-- EXERCISE DIRECTIONS --
The whole listing, except its pictures, is to be repeated exactly.
(DATASET SECTION)
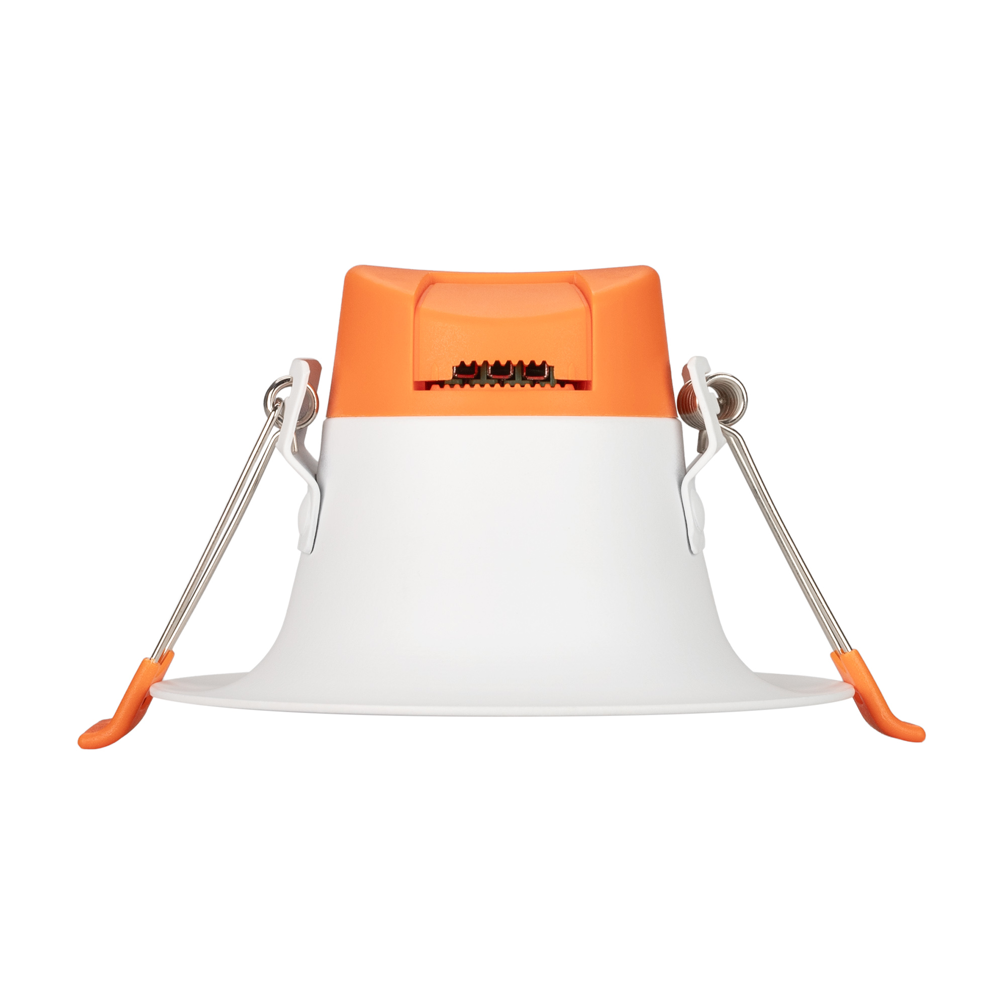 Встраиваемый светильник даунлайт с интегрированным в корпус драйвером. Мощность 7.6 Вт, св. поток 610 лм, 80 лм/Вт, тёплый 3000 K, CRI>90, угол 100°, напряжение питания 230 В. Белый круглый корпус из алюминия, степень защиты IP20. Размер: диаметр 102 мм, высота 63 мм. Монтаж встраиваемый, установочное отверстие: диаметр 90 мм. Пульсация <3%.
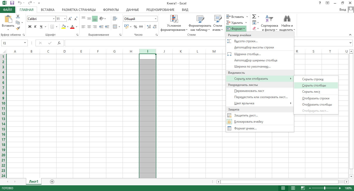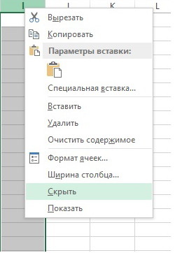 Щоб приховати стовпець можна пересунути праву межу заголовку стовпця за ліву.
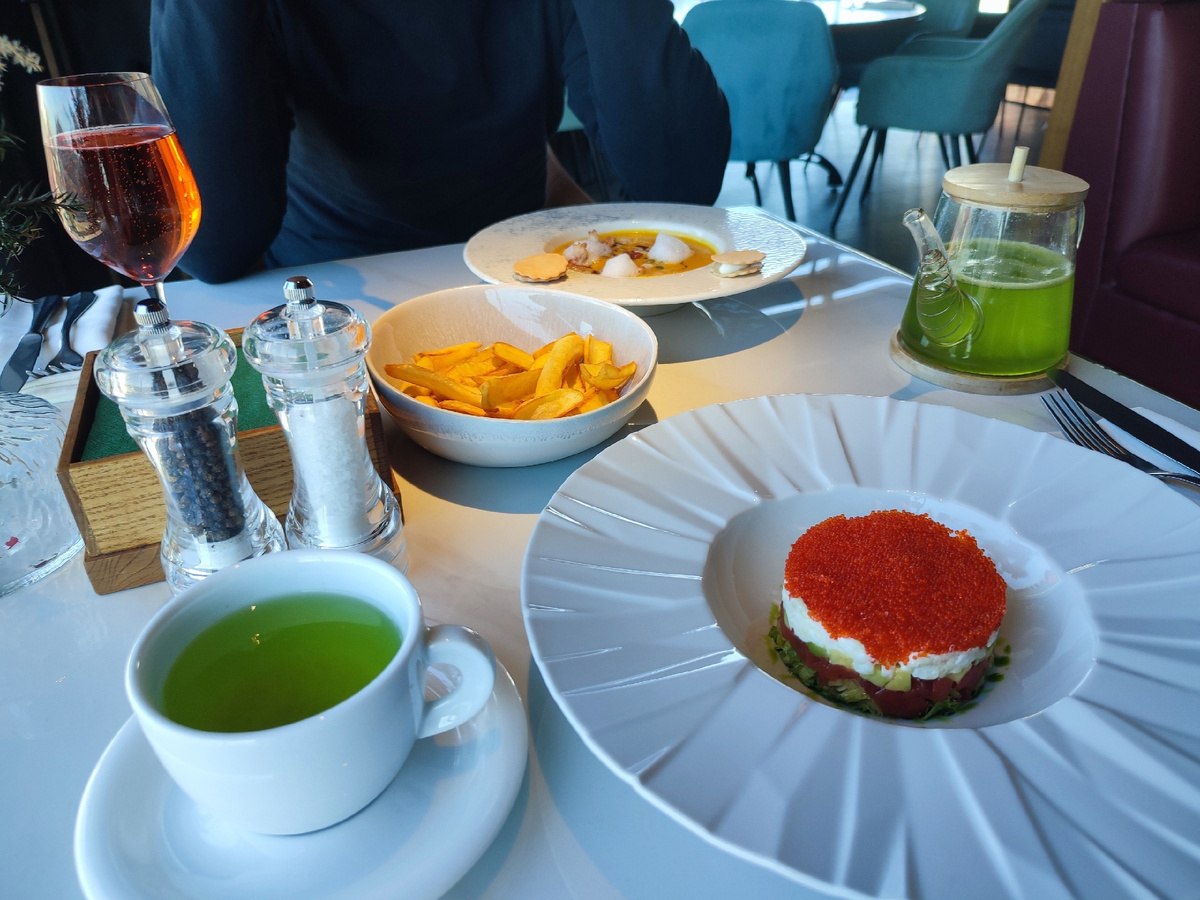 Еда оказалась на удивление классной. Артем ел тыквенный суп-пюре с креветками, а я салат из авокадо с камчатским крабом. Салат был просто восхитительный: идеальное сочетание мяса краба, мяса какой-то рыбы, овощей (авокадо, капуста), все это сбрызнуто соком лайма, что придает блюду свежести и легкости. И вдобавок хрустящая на зубах икра летучей рыбы.
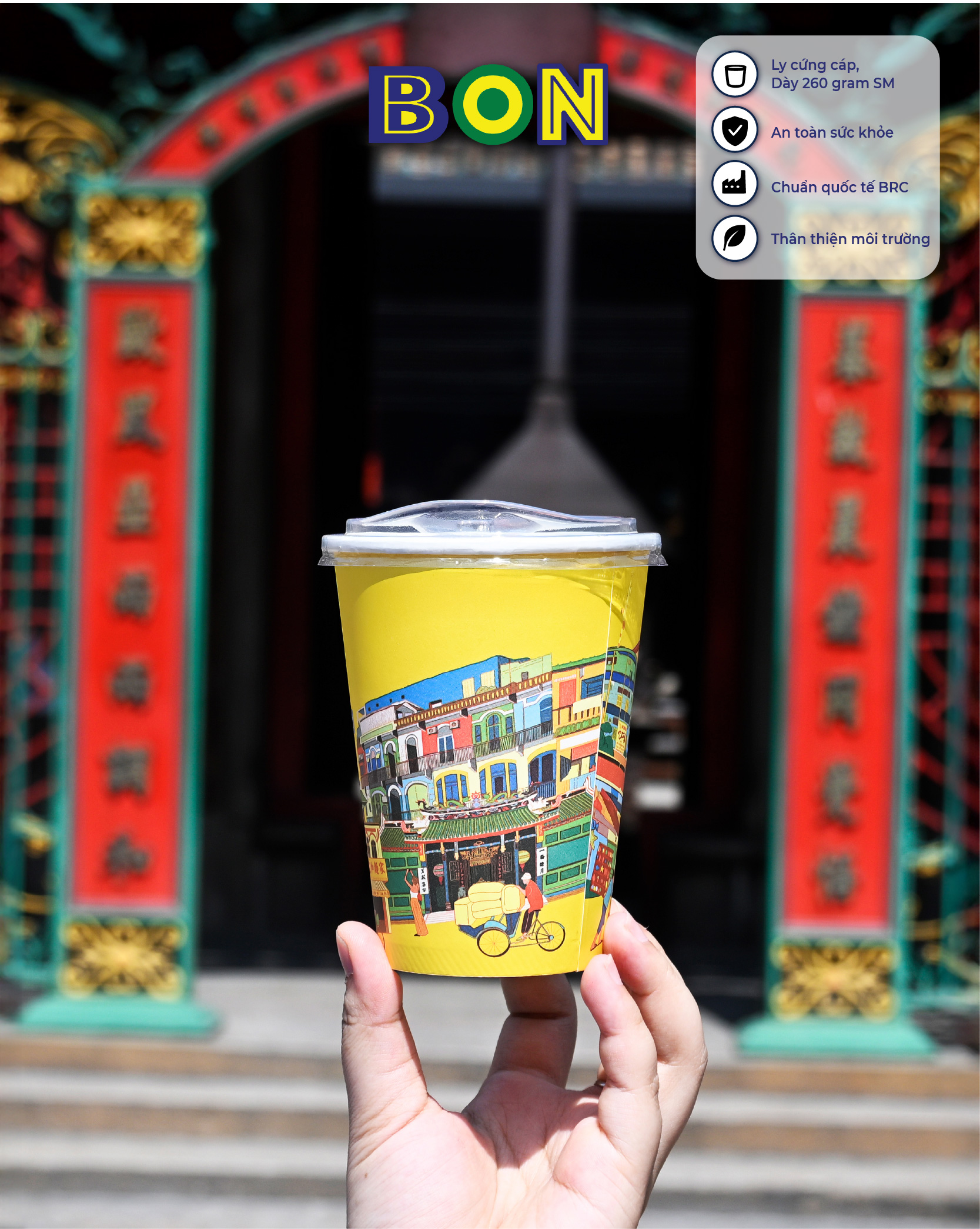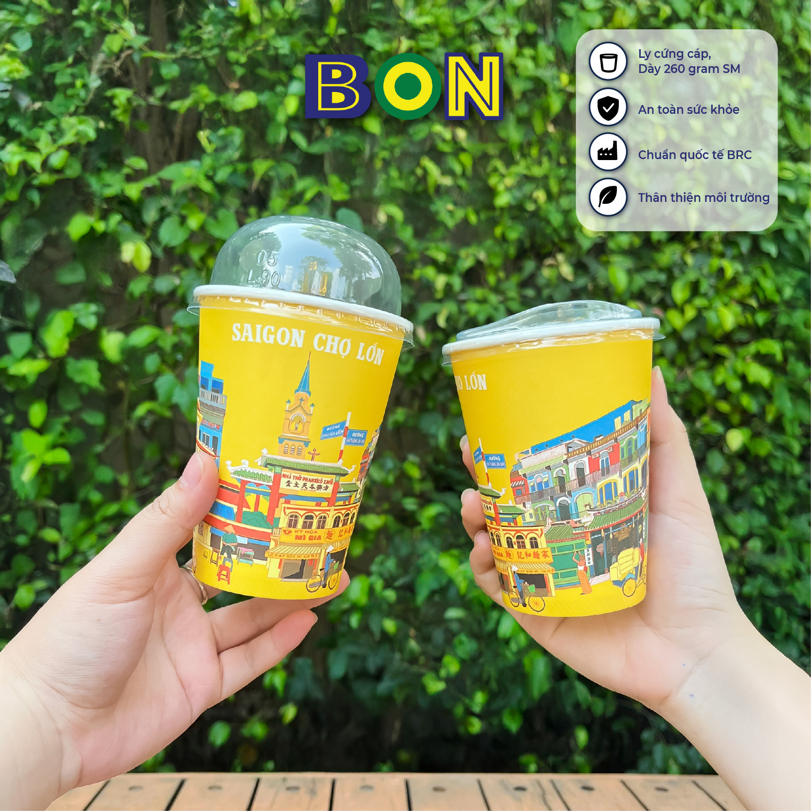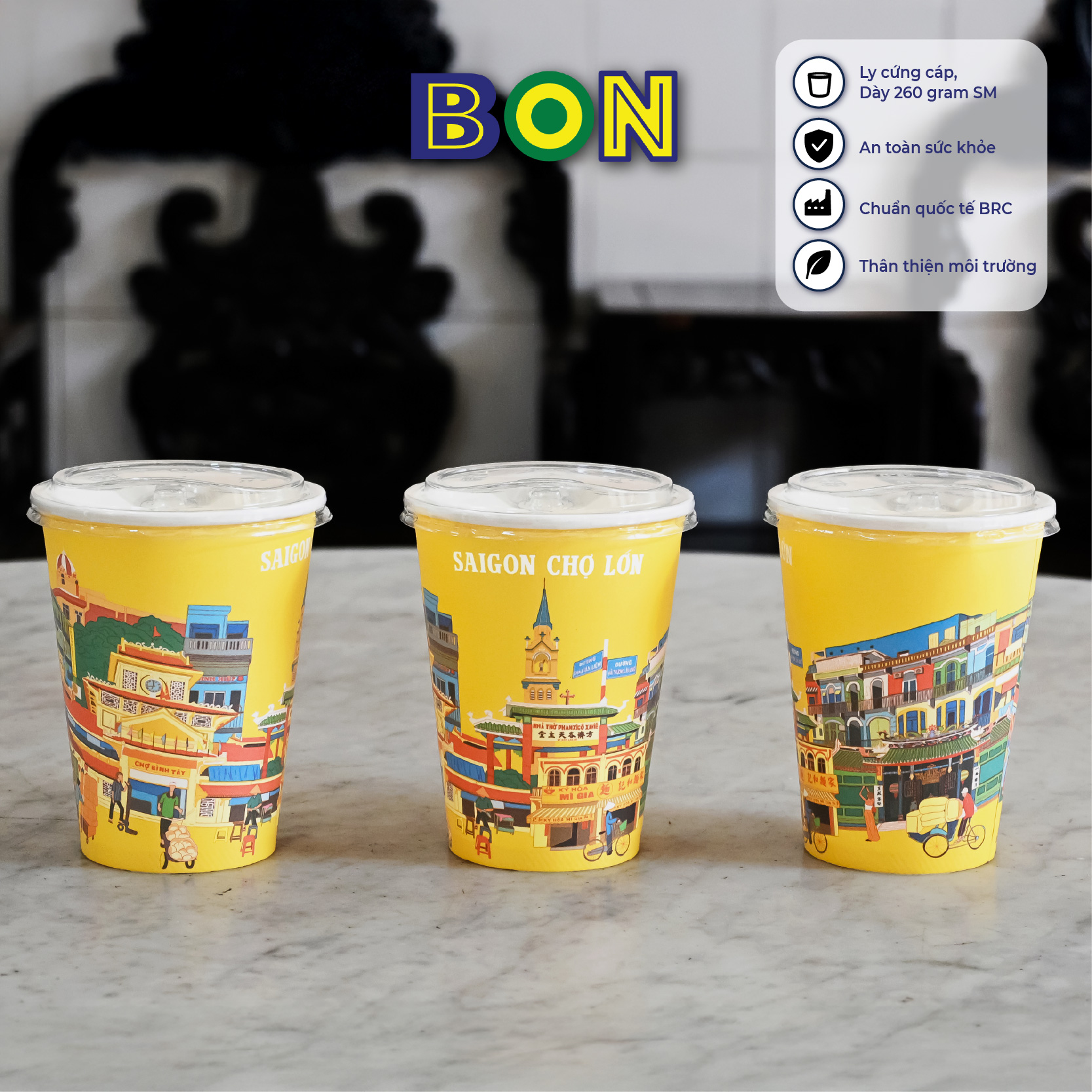- Ly giấy in tranh - Sài Gòn Chợ Lớn 360ml sở hữu thiết kế nổi bật tái hiện lại đời sống thường ngày và những địa điểm nổi bật ở Chợ Lớn, với họa tiết in sắc nét, tạo điểm nhấn thẩm mỹ, và giúp ly nước trở nên hấp dẫn hơn.
(End DATASET SECTION)
-- ANSWER --
 Встраиваемый светильник даунлайт с интегрированным в корпус драйвером. Мощность 7.6 Вт, св. поток 610 лм, 80 лм/Вт, тёплый 3000 K, CRI>90, угол 100°, напряжение питания 230 В. Белый круглый корпус из алюминия, степень защиты IP20. Размер: диаметр 102 мм, высота 63 мм. Монтаж встраиваемый, установочное отверстие: диаметр 90 мм. Пульсация <3%.
 Щоб приховати стовпець можна пересунути праву межу заголовку стовпця за ліву.
 Еда оказалась на удивление классной. Артем ел тыквенный суп-пюре с креветками, а я салат из авокадо с камчатским крабом. Салат был просто восхитительный: идеальное сочетание мяса краба, мяса какой-то рыбы, овощей (авокадо, капуста), все это сбрызнуто соком лайма, что придает блюду свежести и легкости. И вдобавок хрустящая на зубах икра летучей рыбы.
- Ly giấy in tranh - Sài Gòn Chợ Lớn 360ml sở hữu thiết kế nổi bật tái hiện lại đời sống thường ngày và những địa điểm nổi bật ở Chợ Lớn, với họa tiết in sắc nét, tạo điểm nhấn thẩm mỹ, và giúp ly nước trở nên hấp dẫn hơn.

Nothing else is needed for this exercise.